Adaptive Error-Bounded Hierarchical Matrices for Efficient Neural Network Compression
John Mango, Ronald Katende
TL;DR
This work tackles the computational and memory bottlenecks of Physics-Informed Neural Networks (PINNs) caused by large dense weight matrices. It introduces a dynamic, error-bounded hierarchical matrix ($H$-matrix) compression that adaptively refines block structure while preserving Neural Tangent Kernel ($NTK$) properties, ensuring stable and efficient training. The approach combines error-estimated adaptive refinement, convergence acceleration, and a block-rank regularization mechanism, demonstrating superior performance over traditional compression techniques (e.g., Singular Value Decomposition, pruning, and quantization) and enabling real-time inference.
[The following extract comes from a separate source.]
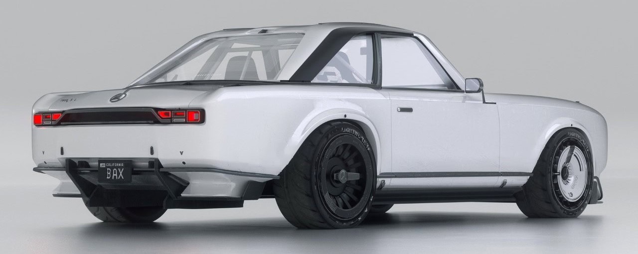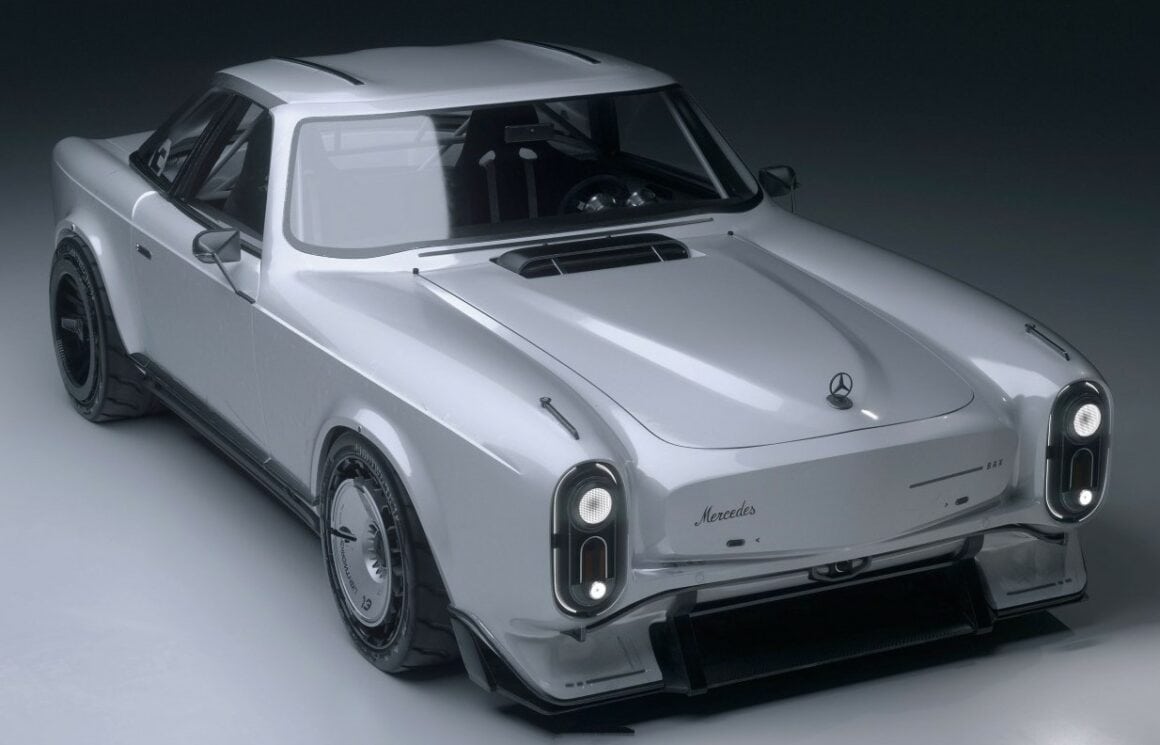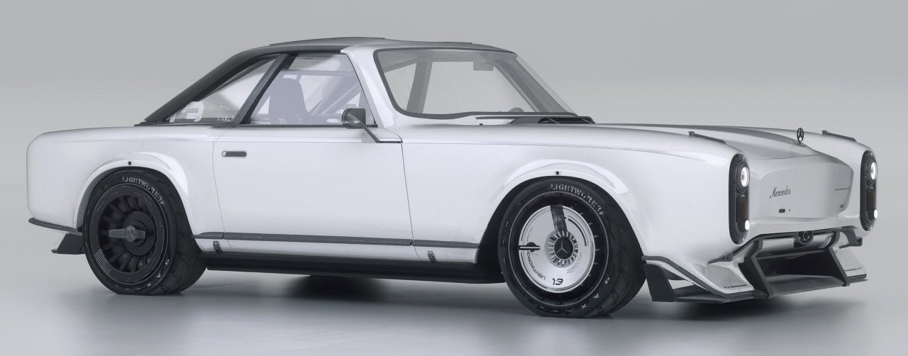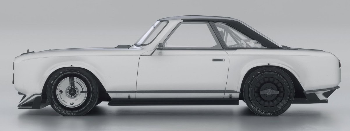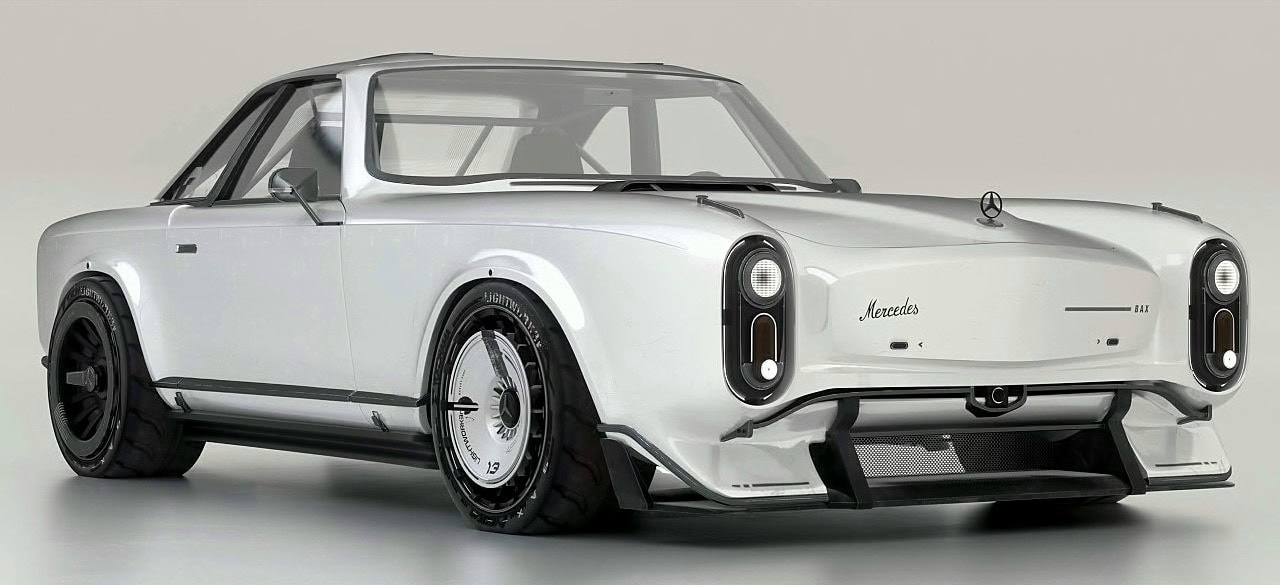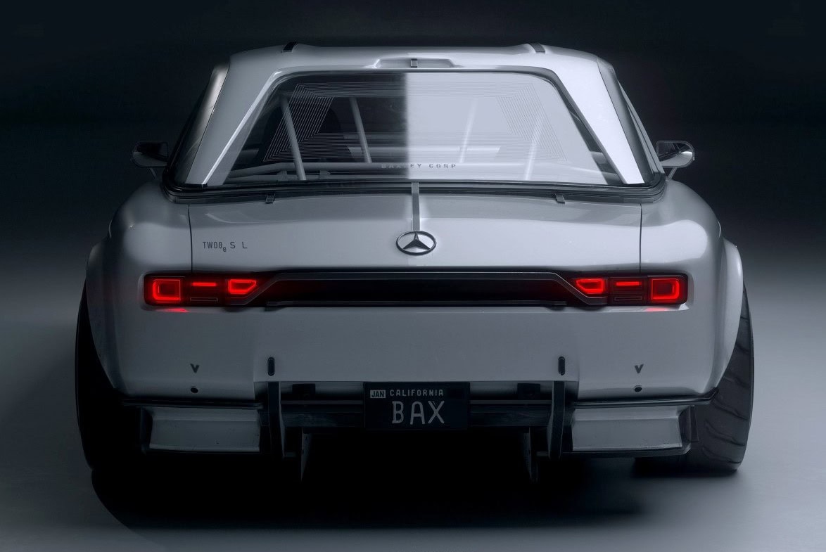 En effet, la plate-forme réalisée à Untertürkheim a été mal calculée par Paul Bracq, ce qui a contraint les concepteurs d’adaptations/machines à élargir les passages de roues… Je n’ai rien d’autre à en raconter… Mais je me dois d’être complet concernant cette version électrifiée… Conçu par l’artiste conceptuel américain Shane Baxley, cette “TWO 80 SL” (prononcez “two-eighty-SL”) est une réinterprétation d’un modernisme dépassé depuis trois quart de siècle, avec une touche prétendue rétrofuturiste et une transmission électrique en dessous…

The results indicate improved convergence, robustness to perturbations, and scalable deployment of PINNs in complex scientific and engineering PDE problems.
Abstract
This paper introduces a dynamic, error-bounded hierarchical matrix (H-matrix) compression method tailored for Physics-Informed Neural Networks (PINNs). The proposed approach reduces the computational complexity and memory demands of large-scale physics-based models while preserving the essential properties of the Neural Tangent Kernel (NTK). By adaptively refining hierarchical matrix approximations based on local error estimates, our method ensures efficient training and robust model performance. Empirical results demonstrate that this technique outperforms traditional compression methods, such as Singular Value Decomposition (SVD), pruning, and quantization, by maintaining high accuracy and improving generalization capabilities. Additionally, the dynamic H-matrix method enhances inference speed, making it suitable for real-time applications. This approach offers a scalable and efficient solution for deploying PINNs in complex scientific and engineering domains, bridging the gap between computational feasibility and real-world applicability.